Setting aside any voting/master eligibility concerns and concentrating ONLY on node allocation, how could one tell elastic that the new node is capable of handling twice the load of the old ones in order to prevent the master from just allocating shards evenly across ALL nodes as old nodes are taken out and new nodes are brought in?

I'm not sure there is a way to do this with today's allocator unfortunately, Elasticsearch treats nodes as pretty much equivalent (within each tier at least). I think the way I'd do this would be to just add all the new nodes at once (temporarily scaling up the cluster well beyond its needs) and then vacate the old nodes with an allocation filter so they can be safely decommissioned.

I was afraid of that, but thanks for the reply.

I'm curious, could you explain the problem with adding all the new nodes and then vacating all the old ones? My thinking is that either you're in a Cloud-like environment so you would only be paying more while the cluster is oversized (which won't be long), or else you're in an on-prem-like environment where you have to commission all the new nodes ahead of time anyway. How would a more gradual approach be better?
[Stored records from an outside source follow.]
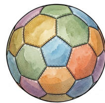
Ein bunter Fußball
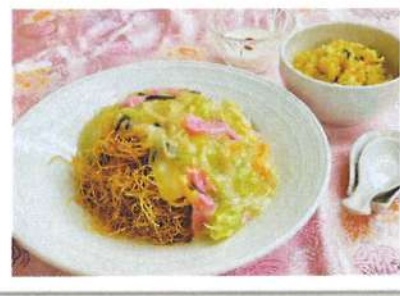
「血うどん」+ミニチャーハン Nagasaki Chanpon Noodles With Various Topping
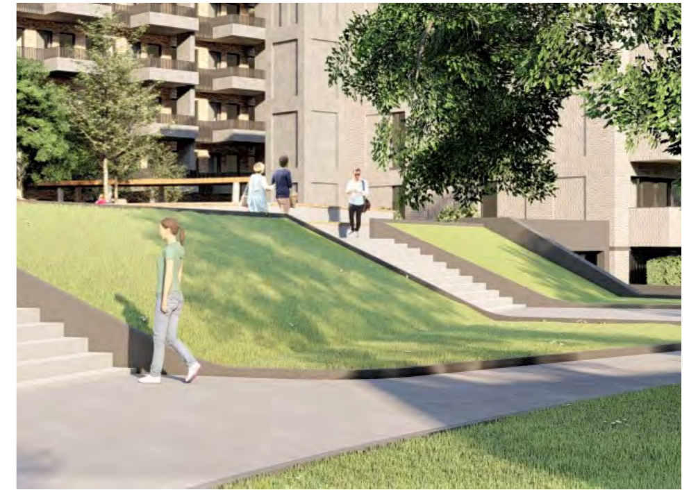
TEGEL VERVANGEN DOOR GROEN 20 pt Deels vervanging van bestrating door inheems groen. Op vele plekken wordt er tussen de wandelpaden en rijbaan groen aangebracht. (gras en struiken)
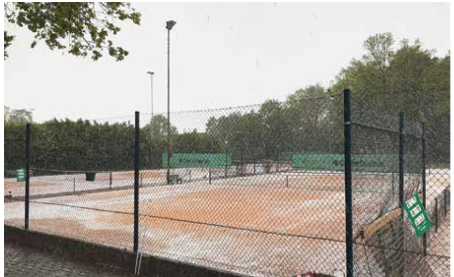
Hagelpause beim ersten Punktspiel der Herren 30 Anfang Mai auf der Anlage des TC Schwarmstedt

auf unserer VfL Eintracht-Anlage statt! Den ganzen Tag über werden hoffentlich viele Spielerinnen und Spieler (Damen + Herren, offene Klasse) aus den unterschiedlichsten Vereinen Hannovers und Umgebung um LK-Punkte kämpfen. Wir hoffen, dass neben den Aktiven auch einige Eintrachtlerinnen und Eintrachtler zum Zuschauen und Anfeuern auf die Anlage kommen! Für das leibliche Wohl ist gesorgt, es wird gegrillt! Insgesamt soll es in dieser Saison drei LK-Turniere auf unserer Anlage geben – die anderen beiden sind für den 10. August und den 14. September geplant.
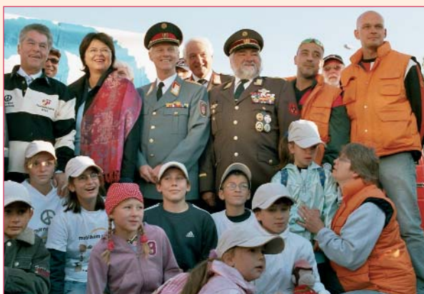
Bundespräsident Fischer verabschiedet die Teilnehmer zur Friedensflotte

Die Friedensflotte war ein wertvolles Projekt für HAPPY KIDS. In diesen Projektwochen konnten die Ziele von HAPPY KIDS aktiv mit den Kindern und Jugendlichen trainiert und gelebt werden.
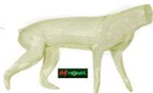
RDA2 Renard souple sans tête 6kg 6.5x22x36x68 : 33.50 €
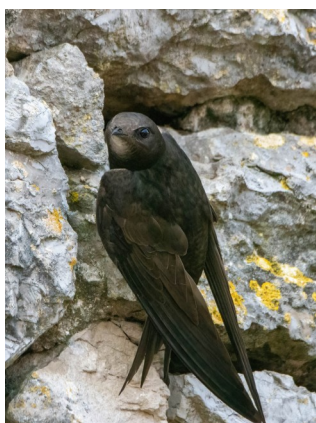
A l'entrée d'un nid

Les martinets noirs vivent en colonies de plusieurs dizaines d'individus. On les remarque facilement à partir du mois de mai en ville grâce à leurs rondes folles, surtout composées de jeunes immatures, où ils rasant les toits des immeubles en poussant leurs cris stridents.
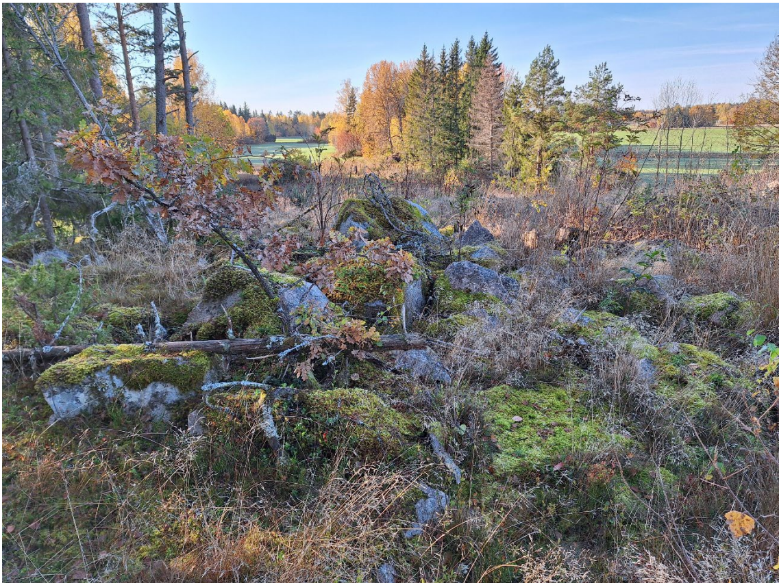
Figur 3. Den nypåträffade stensättningen (objekt 1) var 11 meter i diameter.
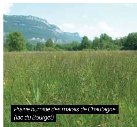
Prairie humide des marais de Chautagne (lac du Bourget)
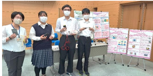
埼玉県立大宮工業高校の皆さん

毎年、講演会や交流会を通してALS患者さんの療養環境改善に少しでもお役に立てるように開催しております。今年は人口呼吸器メーカー等のブースの他に、埼玉県立大宮工業高校電子機械科の先生と生徒さんが、ALS患者さん向けのコールスイッチを披露してくださいました。これからの日本を担う若い力を感じました。

Only for peace of mind. We're not given to making changes like this "fast", so we're going to want to spin up a new node (yes, we're cloud-based) and then decommission two old ones and make sure everything is working smoothly, and then continue one at a time with other nodes. We're just unlikely to decide to make a large switch like this without testing things out, and this isn't high enough priority to warrant duplicating the production setup to test it out or something like that.

So it's not a problem, per se, just something I was hoping we could do using allocation rules. All good.

Gotcha, I see. If you did that I'm not sure the observations from the intermediate states would give you very meaningful information, and it would be a bit of a pain to revert back to the original setup if you encountered problems after several steps. Personally I would be more comfortable running with the double-sized cluster for a while and using allocation filters to move things across fairly gradually, watching & testing carefully as you go. Admittedly a little more expensive, but much safer & easier to revert IMO.